A re-configured multimillion-dollar settlement of sorts between Village Roadshow and Warner Bros over 2021’s The Matrix Resurrections seems prophetic and very much of the matrix in its own special way.
With the once-big-league film co-financier paying out $57 million to the likely soon-to-be David Ellison-owned studio, the words of Matrix Resurrections‘ Smith to Neo of “after all these years, to be going back to where it started,” really nail the legal tussling the past four years between WB and the now-bankrupt VR.
Which is to say, you might want to pop that red pill now.
Earlier this week, lawyers for Warner Bros Discovery pulled the plug on their own attempt to secure a previously awarded $125 million judgment from Village Roadshow. With that “without prejudice” (which means it could be resurrected) move in L.A. Superior Court, WBD attorneys revealed they had scored $57 million from VR, which filed for the Chapter 11 last year. That money was scheduled to be in WBD’s account within days — which has happened, I hear.
Warner Bros had no comment on the resolution, and lawyers for Village Roadshow did not respond to Deadline’s request Friday for comment. However, having all started when WB released the fourth film in the Wachowskis‘ franchise simultaneously in theaters and on its subscriber-hungry streamer during the last gasps of the Covid pandemic, things aren’t quite as blue pill or red pill as they seem.
For one thing, that $57 million is less a new figure in the dispute that went to court in the 2002 breach of contract lawsuit from Village Roadshow against the then-Jason Kilar-run Warners, and more some updated accounting with an appeals court thrown in.
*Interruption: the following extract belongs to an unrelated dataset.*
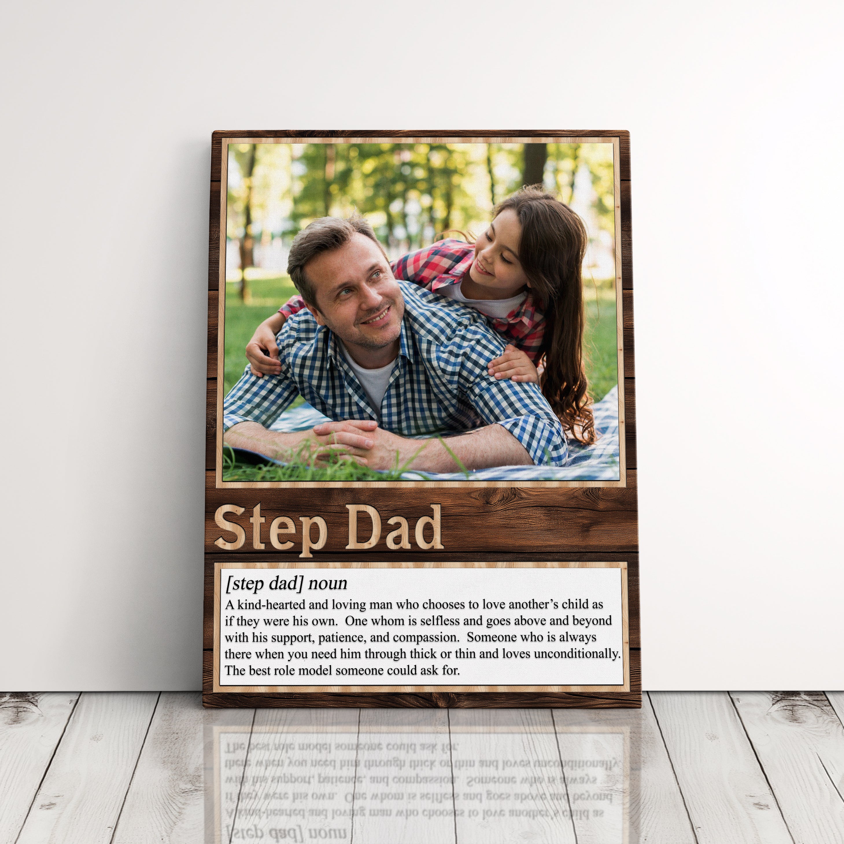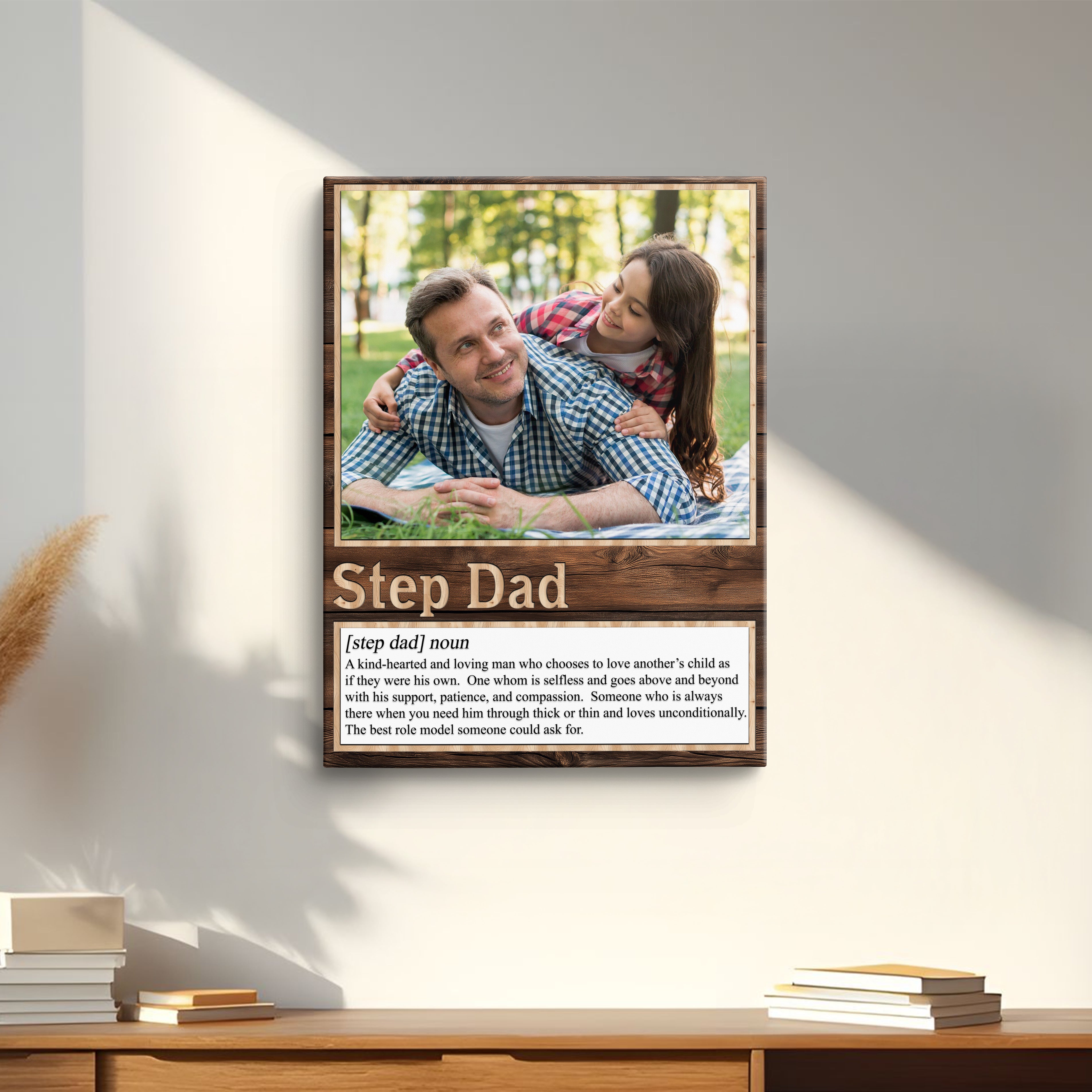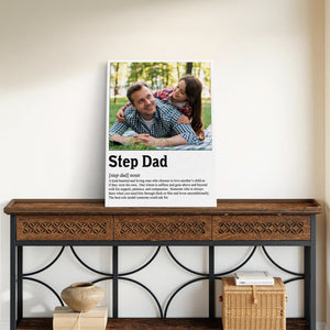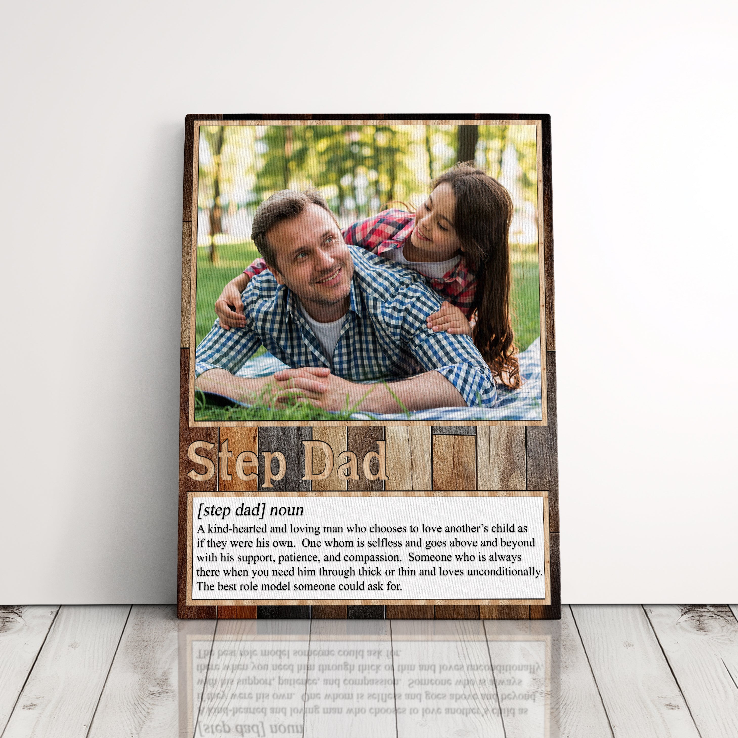 Transform your space with this meaningful step dad gift featuring a custom-designed photo print that doubles as stunning wall decor. This versatile canvas print showcases your cherished family photo alongside a touching definition of "Step Dad," creating a personalized piece of art that serves as a beautiful home decoration.
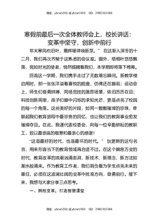 寒假前最后一次全体教师会上,校长讲话:变革中坚守,创新中前行.docx

For another thing, Village Roadshow now has a zero stake in Matrix Resurrections — which is a long way from where things appeared to stand just a year ago.
Let’s jump back a bit, shall we?
Moved fairly quickly behind closed doors to arbitration, VR’s lawsuit launched on February 7, 2022, seemed to shuffle off with the company actually found on the hook for the nearly $100 million in co-financing it never actually ponied up for the Lana Wachowski-helmed Resurrections. Under appeal, the portion of that $125 million that Village Roadshow would have been paying for 50% of Matrix Resurrections was deemed an overreach. An appeals panel concluded Village Roadshow North America, who long had hit the skids financially, couldn’t be forced to purchase half of MR in the hopes of half of the waterfalled profits.
So it didn’t and didn’t have to pay for something it isn’t going to own any of, because WB owns 100% of The Matrix Resurrections now. The remaining sum, that $57 million, was reframed as damages.
Not that The Matrix isn’t still pretty valuable in many people’s eyes and spreadsheets.
Despite the less-than-stellar returns and reviews for the cash-in-vibed Matrix Resurrections, Alcon Media Group was awarded derivative rights in November to the Matrix franchise and most of the other titles it snared from Village Roadshow Entertainment Group‘s film library in summer 2025. “Alcon looks forward to working collaboratively with Warner Bros, as we have for over a quarter-century, to partner in the exploitation of the derivative rights to these many great films across multiple platforms,” AMG bosses Andrew Kosove and Broderick Johnson asserted late last year.
All of which means, under a joint Paramount-WBD umbrella or via siloed studios or whatever, Groff’s Agent Smith also had it right in Matrix Resurrections when he quipped, “That’s the thing about stories — they never really end, do they?”
Never in the matrix of Hollywood — IP, bottom line or otherwise.